+++ Data to use +++

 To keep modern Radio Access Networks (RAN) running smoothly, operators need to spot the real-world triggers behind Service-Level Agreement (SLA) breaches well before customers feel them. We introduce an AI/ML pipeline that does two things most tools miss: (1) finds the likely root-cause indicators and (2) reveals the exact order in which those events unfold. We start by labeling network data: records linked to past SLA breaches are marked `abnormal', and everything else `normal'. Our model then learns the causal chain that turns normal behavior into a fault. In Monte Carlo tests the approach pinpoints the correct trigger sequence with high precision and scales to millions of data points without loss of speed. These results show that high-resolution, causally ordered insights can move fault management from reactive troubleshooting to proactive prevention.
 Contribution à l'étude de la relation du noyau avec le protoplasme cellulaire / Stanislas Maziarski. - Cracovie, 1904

+++
+++ Data to use +++

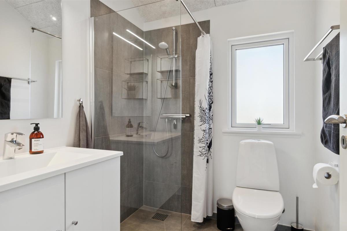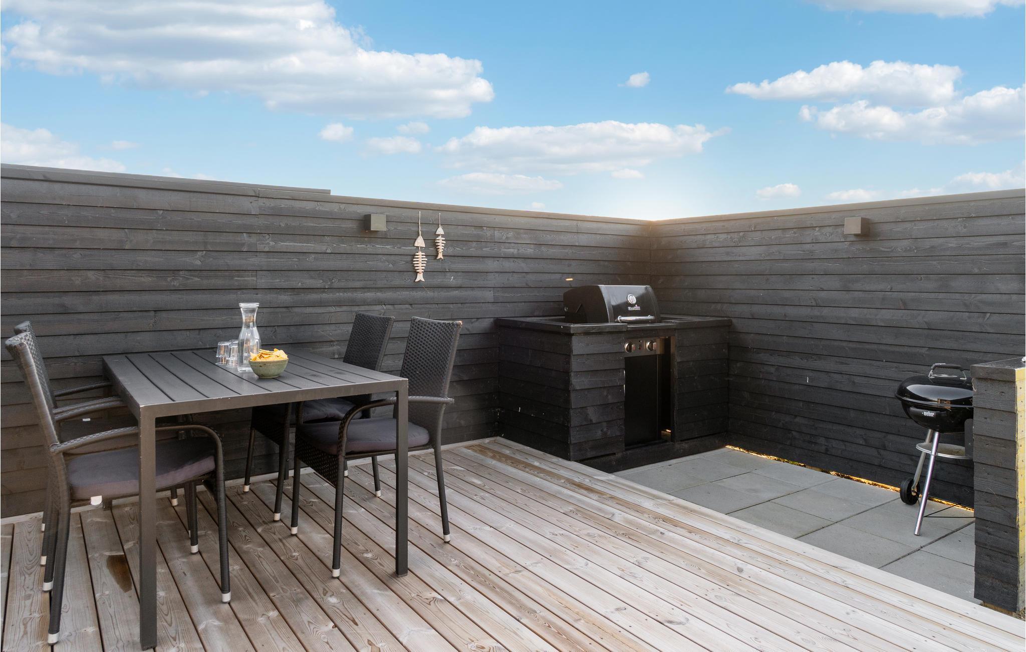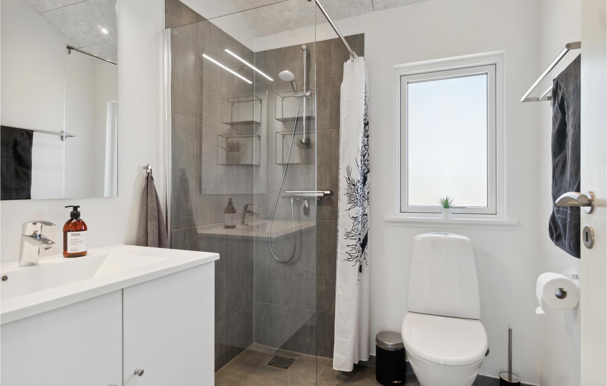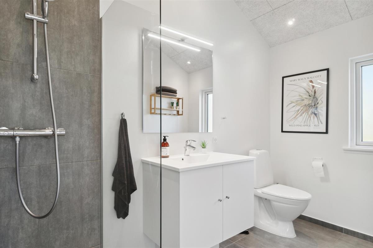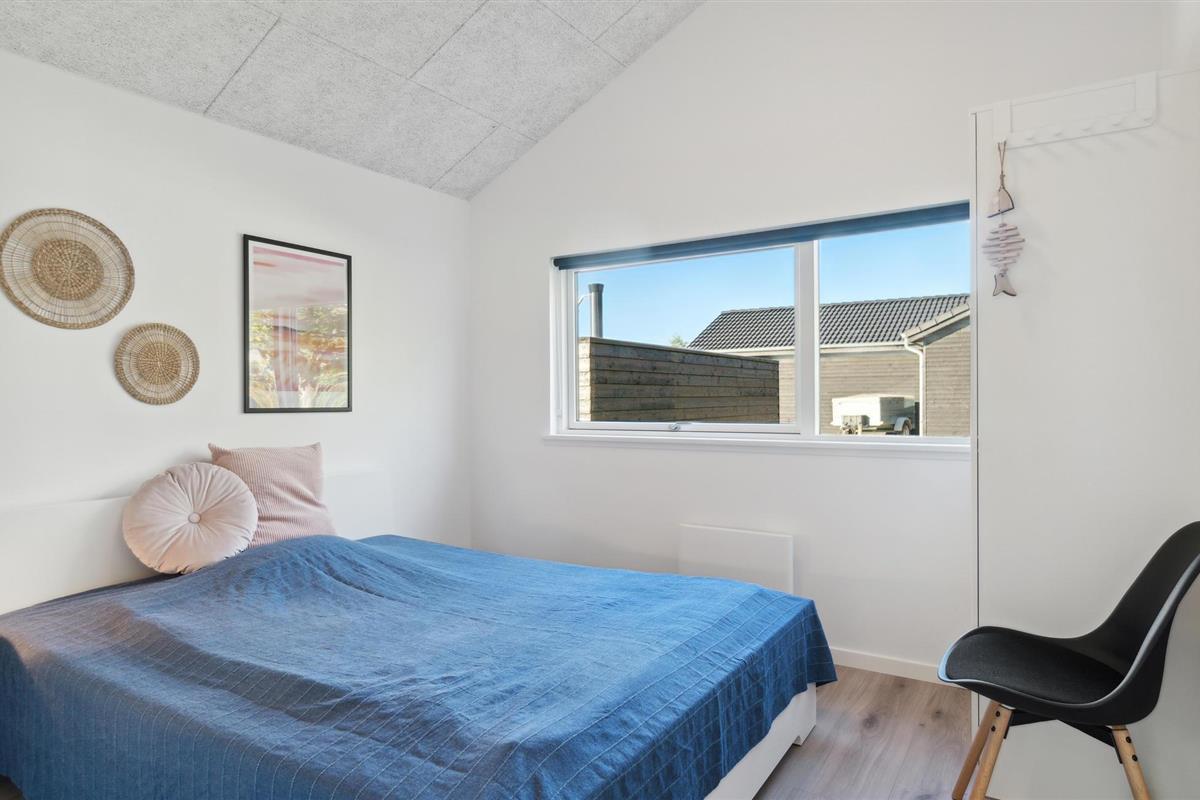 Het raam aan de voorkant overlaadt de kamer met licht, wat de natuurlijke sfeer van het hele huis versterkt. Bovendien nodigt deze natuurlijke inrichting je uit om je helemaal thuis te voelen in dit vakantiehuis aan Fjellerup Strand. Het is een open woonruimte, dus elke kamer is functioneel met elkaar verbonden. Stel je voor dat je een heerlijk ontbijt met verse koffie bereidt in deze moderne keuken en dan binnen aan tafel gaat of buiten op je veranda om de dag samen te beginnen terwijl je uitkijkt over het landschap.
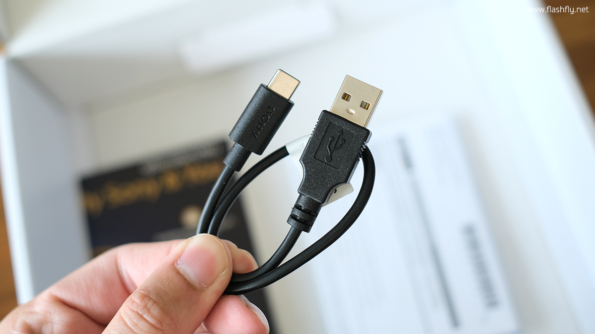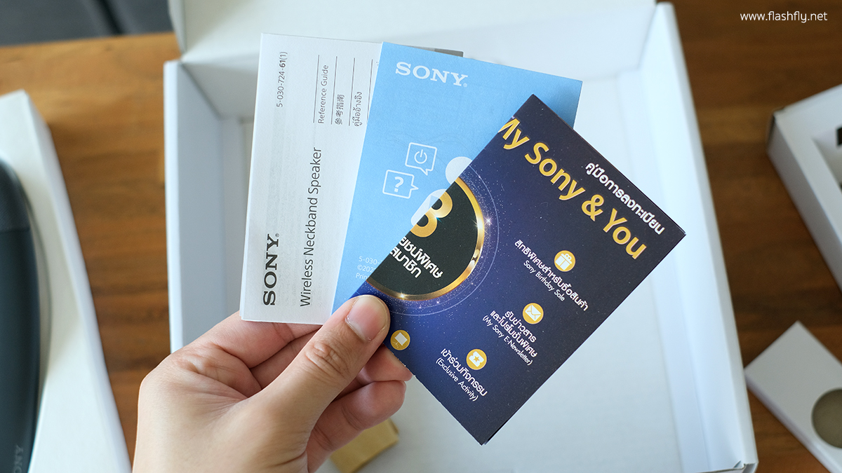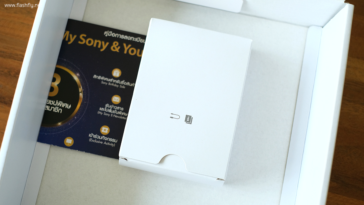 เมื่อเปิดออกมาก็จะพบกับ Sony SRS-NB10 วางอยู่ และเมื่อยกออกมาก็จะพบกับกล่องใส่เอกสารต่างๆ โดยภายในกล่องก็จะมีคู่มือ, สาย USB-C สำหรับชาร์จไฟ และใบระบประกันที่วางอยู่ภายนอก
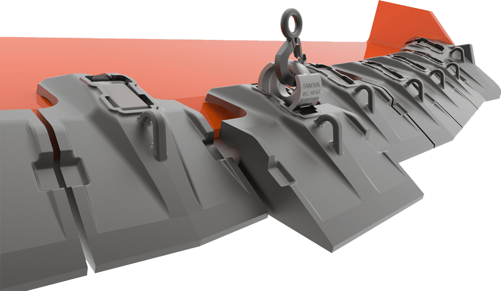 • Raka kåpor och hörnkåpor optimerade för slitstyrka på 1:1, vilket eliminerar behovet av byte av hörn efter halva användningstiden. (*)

+++

▶ **Exercise brief**: Leave the pictures out. Output, exactly, the lines of the material above starting at the line containing "Het raam aan" and ending at the line containing "halva användningstiden. (*)".

▶ **Problem solution**:
 Het raam aan de voorkant overlaadt de kamer met licht, wat de natuurlijke sfeer van het hele huis versterkt. Bovendien nodigt deze natuurlijke inrichting je uit om je helemaal thuis te voelen in dit vakantiehuis aan Fjellerup Strand. Het is een open woonruimte, dus elke kamer is functioneel met elkaar verbonden. Stel je voor dat je een heerlijk ontbijt met verse koffie bereidt in deze moderne keuken en dan binnen aan tafel gaat of buiten op je veranda om de dag samen te beginnen terwijl je uitkijkt over het landschap.
 เมื่อเปิดออกมาก็จะพบกับ Sony SRS-NB10 วางอยู่ และเมื่อยกออกมาก็จะพบกับกล่องใส่เอกสารต่างๆ โดยภายในกล่องก็จะมีคู่มือ, สาย USB-C สำหรับชาร์จไฟ และใบระบประกันที่วางอยู่ภายนอก
 • Raka kåpor och hörnkåpor optimerade för slitstyrka på 1:1, vilket eliminerar behovet av byte av hörn efter halva användningstiden. (*)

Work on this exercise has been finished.